(g) I'll step in with a controversial point
> I was thinking about the one on long copy,
> even long copy on a single page....
This is, btw, what the big research firms have been saying for about 3 years (I have the magazines that talk about this) -- break up copy because people read the web differently than they read print. If you look at major news sites and compare print and web editions, you'll notice that the text is broken up differently and often a bit shorter or spread between pages.
> When I read that, what popped into my mind
> specifically was Marlon Sanders' web site,
> www.amazingformula.com -- an example of
> long copy on a single page which appears to
> be successful.
Here's where I'm going to be controversial -- that page ONLY works on a select audience. It works on the people who have been "trained" that this is is a wonderful and proper presentation.

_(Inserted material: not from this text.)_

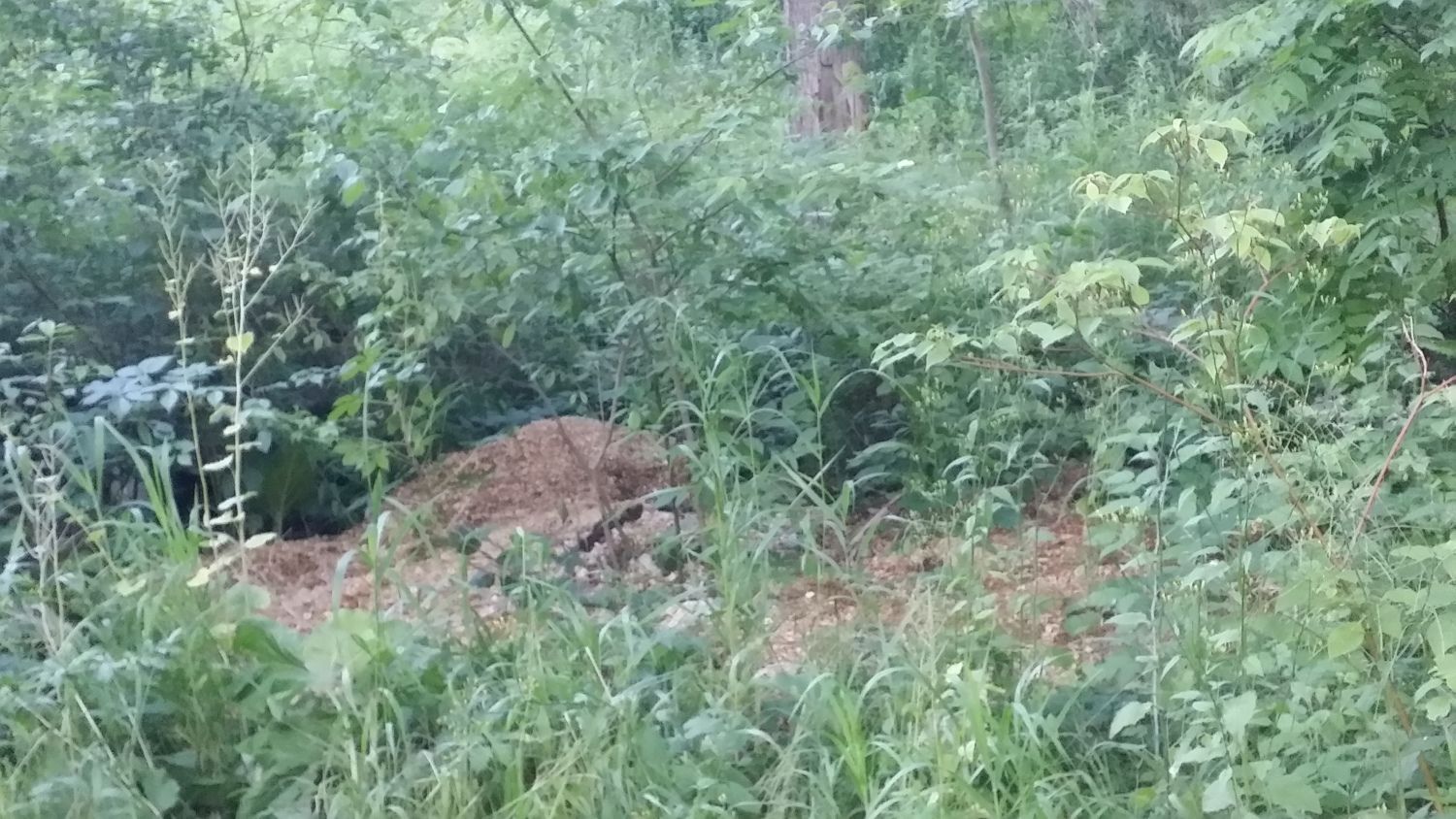 The previous owner dumped in some very nasty junk fill. Huge slabs of cement and wire fencing. It would be one thing if they'd graded and buried it but they just left a huge mess.

Don't know if you remember it, but months ago on Lesley's board, someone asked for a review of a site to help increase sales and traffic. It was a long (6-10 screens full) sales letter ALA Marlon Sanders. The marketing experts on the board loved it and said to tweak only a few things. I said it was WAY too long and visually uninteresting and needed to be several pages with the main points up front -- and coworkers in this designer's office (who had no contact with the Business Gurus and their marketing material) echoed my comments.
So -- if you're selling to the market that has been trained to expect this, short will be suspicious and long and filled with examples will be boring. If you're selling to others (like my grown children or my husband or a lot of other people), they expect ads to be short and sweet and want the material spread over pages and condensed and value (instead of long teasers) given. (and they want to know page counts on books, too.)
So -- my point is -- when deciding whether it's good or bad, know what your audience expects and trusts. But don't assume that the same copy will work on everyone. Put a Marlon Sanders ad in front of a buncha coding geeks and his sales will tank.